If you find yourself in child custody litigation with a porn addict, your strategy should take three steps. First, prove that your co-parent is addicted. Second, he convinces the court to care about his dependency. Third, you propose a specific action for the court to protect your children.

The first step requires you to prove that the addiction exists. Unlike drugs or alcohol, no chemical test can prove when someone is using pornography. However, you may be able to find evidence in credit card statements, computer records, and phone bills. When examining a computer, check not only the contents of the hard drive, but also the history of the Internet browser.

You can also ask the court to require you to undergo a psychological evaluation. A psychological evaluation is based almost entirely on self-disclosure. You could hide your compulsion from the evaluator. Hopefully, though, you’ll use the assessment as an opportunity to seek help.

Once you prove that you are addicted, move on to the second step of convincing the court that you care. Many families and their attorneys skip this critical step. However, you cannot assume that your judge agrees with you that he is harmful to your children.
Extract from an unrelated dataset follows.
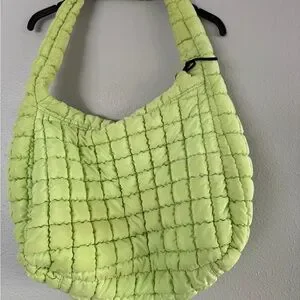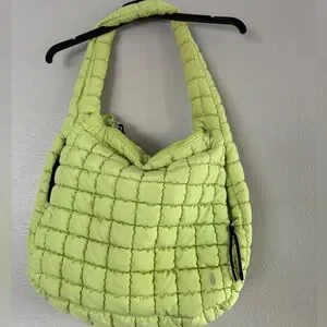FREE PEOPLE MOVEMENT Quilted Tote / Hobo Bag Pale Neon Green Y2K Athleisure Core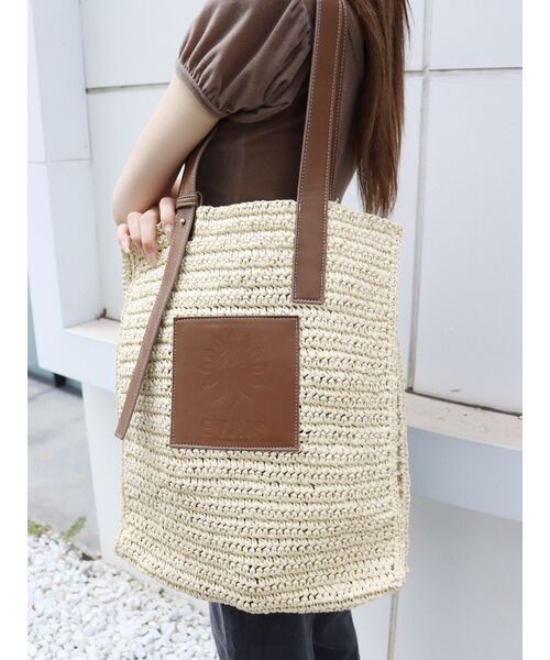 ■デザインワンポイントロゴの型押しとあえて長めに垂らしたショルダーがポイントの夏らしいペーパーバッグです。マチ付きで容量もたくさん入ります。A3サイズも入るサイズです。

Different states take different tacks when considering the moral fitness of parents in custody disputes. For example, Louisiana contains an explicit statute that requires consideration of “the moral fitness of each party, to the extent that it affects the welfare of the child.” The Missouri Court of Appeals held that the father’s viewing of pornography must be considered in deciding child custody, but that this factor alone is not determinative. A Florida court ruled that a home-based pornography business operated by the mother’s boyfriend had to affect her fitness to become a mother, even if the children themselves never saw her products.

Once you prove addiction and convince the court to care, start step three: you tell the court specifically how to protect your children. If your children live primarily with the addicted parent, you can ask the court to transfer custody and residence to you. You can ask the court to require the other parent not to display inappropriate materials in the home when your children visit. You could even ask the court to order that your parenting time be contingent on treatment. You could find a support group for sex addicts, modeled after Alcoholics Anonymous.

As with most child custody matters, the best way to protect your children is outside of court. Ideally, your lawyer can use the short process to convince the other parent to seek help for her illness. If he loves his children as he claims, he should want to be the best possible father to them.

Porn addiction gets worse over time. Act now before your children suffer irreparable damage. If you share custody with a porn addict, contact a family law attorney experienced in these matters right away.